How to generate own template playbooks

Edited

Here's a demo video on how you can generate a playbook to review redlines you receive on your own template within Draftpilot.

The video also covers how you can then use that playbook.

Summary:

Overview

Before you can review redlines on your own contracts, you’ll need a playbook that’s linked to your own template.
This tells DraftPilot what “good” looks like for each clause, so the AI knows how to respond when customers make edits.


Step 1: Open the Playbooks section

In Word:

  1. Open the DraftPilot add-in.

  2. Go to Playbooks → New Playbook.

In Browser:

  1. Log in to app.draftpilot.ai.

  2. Go to Playbooks → New Playbook.


Step 2: Select “Own Template Contracts”

You’ll see two options:

  • Third-party contracts – for reviewing other people’s paper.

  • Own template contracts – for redlines on your own paper.

Choose Own Template Contracts.


Step 3: Upload your documents

  1. Upload your contract template (e.g. MSA, SaaS terms, DPA).

  2. Optional: Attach your internal playbook or negotiation guidelines (with positions, fallbacks, escalation rules).


Step 4: Choose your AI model

Select which AI model you want DraftPilot to use:

  • GPT-4.1 (fast, reliable)

  • GPT-5 (slower, deeper accuracy)

You can change this later when running reviews.

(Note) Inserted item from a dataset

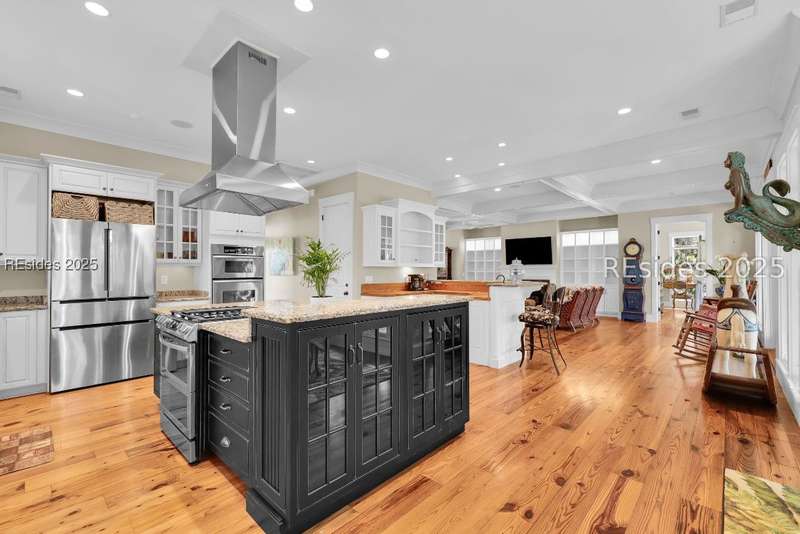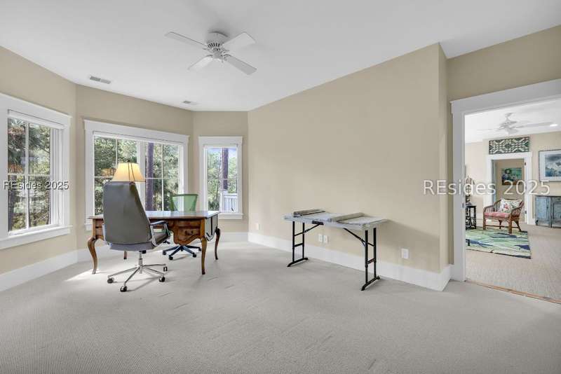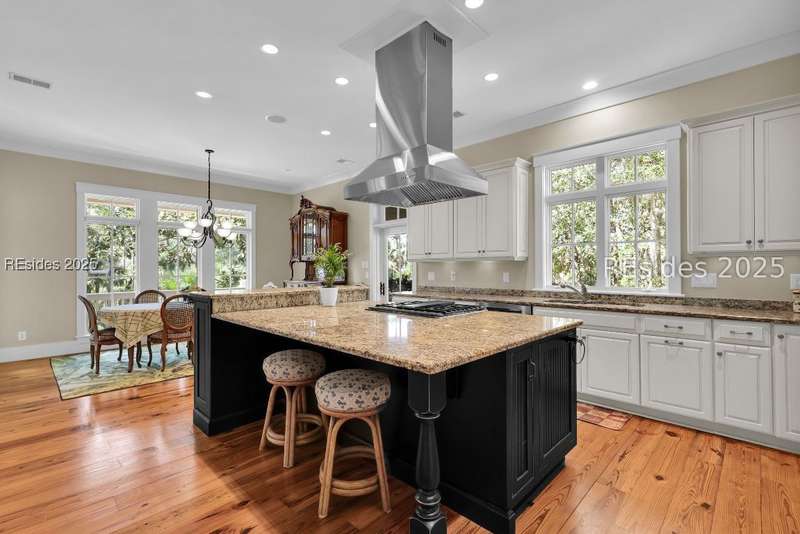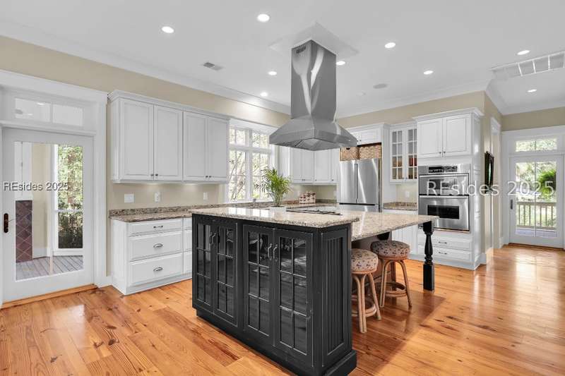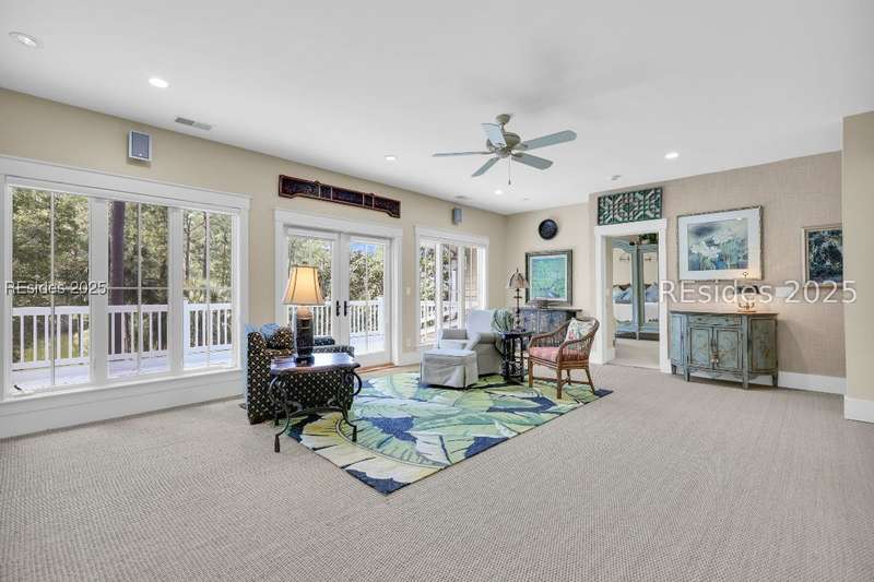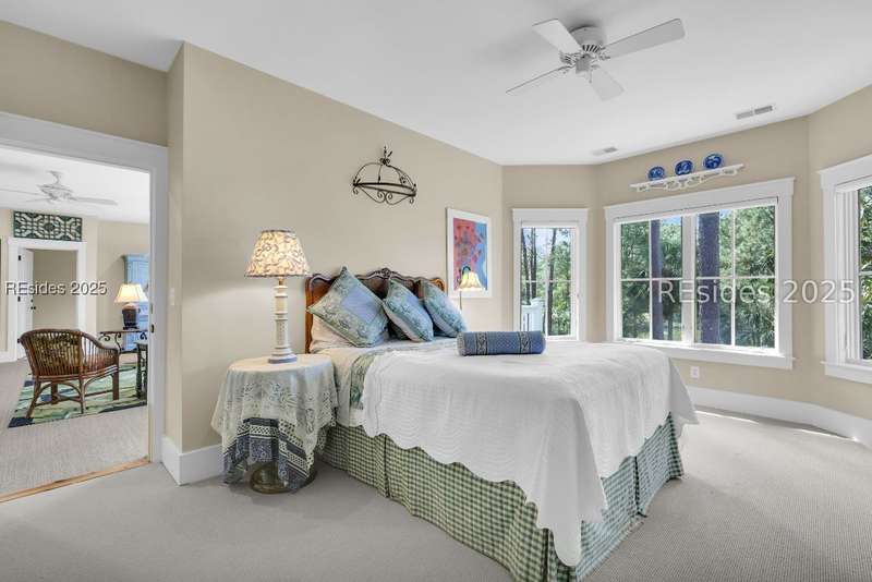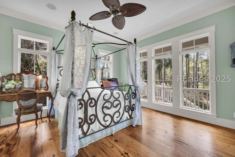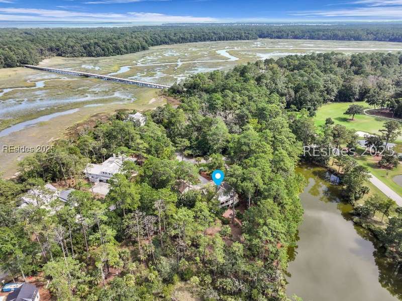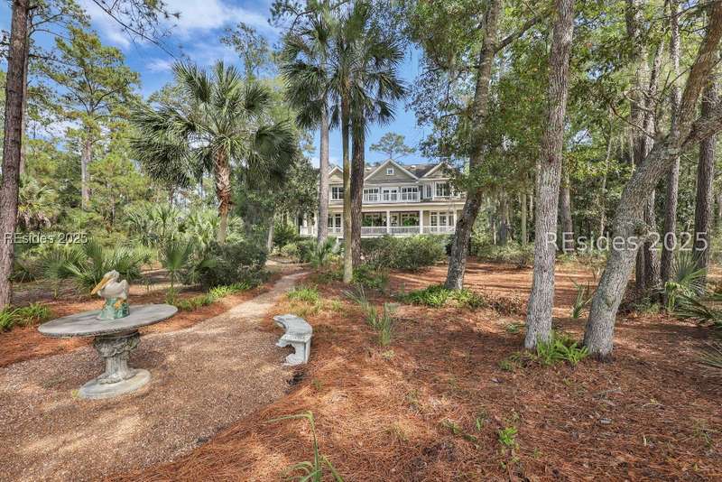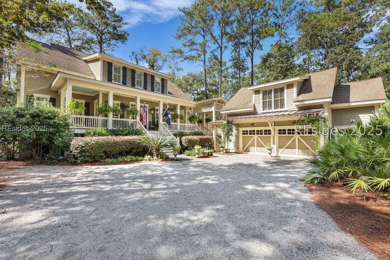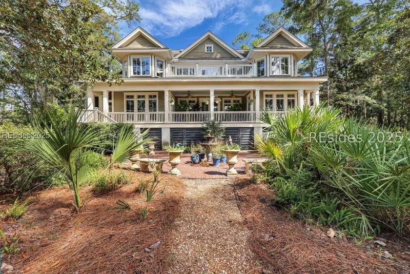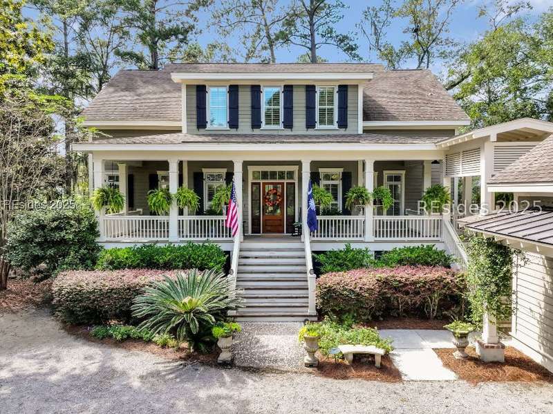 Welcome to Callawassie Island, a private gated wildlife sanctuary community. Drive across the causeway and enjoy the tidal marsh with Spartina grass, exquisite waterfowl, and occasionally playful dolphins. Enter the island with Spanish moss draped old live trees and world class golf views. Arrive at 3 Woodstork Watch an estate-style home with privacy, panoramic views and unparalleled Low Country lifestyle. Experience the WOW factor when you open the front door and see your pond and marsh views framed in tall windows and doors inviting you to the covered porch. 347 feet of waterfront! Enjoy entertaining in your gracious great room with fireplace, large wet bar, chiefs delight kitchen with 2 ovens, large island, and new appliances. Choose dining inside surrounded with tall windows or on the large porch where you'll eat outside, both with awesome views. Relax in your primary suite on the main floor with tall windows for observing wildlife. Upstairs the large balcony captures a stunning

Step 5: Generate your playbook

Click Create. DraftPilot will:

  • Parse your contract template.

  • Extract each clause.

  • Combine your internal rules and fallbacks.

  • Generate a structured playbook aligned with your own paper.

For any clauses in your contract where the AI didn't spot any fallbacks, it'll include a placeholder that says "For any changes not covered by fallbacks, do what you think is reasonable".

This means that when we use the playbook, the AI will still be able to come up with useful suggestions for any redlines where it can't find an explicit fallback rule.

Once it’s ready, it appears in your Playbooks list.


Step 6: Start reviewing

You can now use this playbook to review redlines you get on your own templates.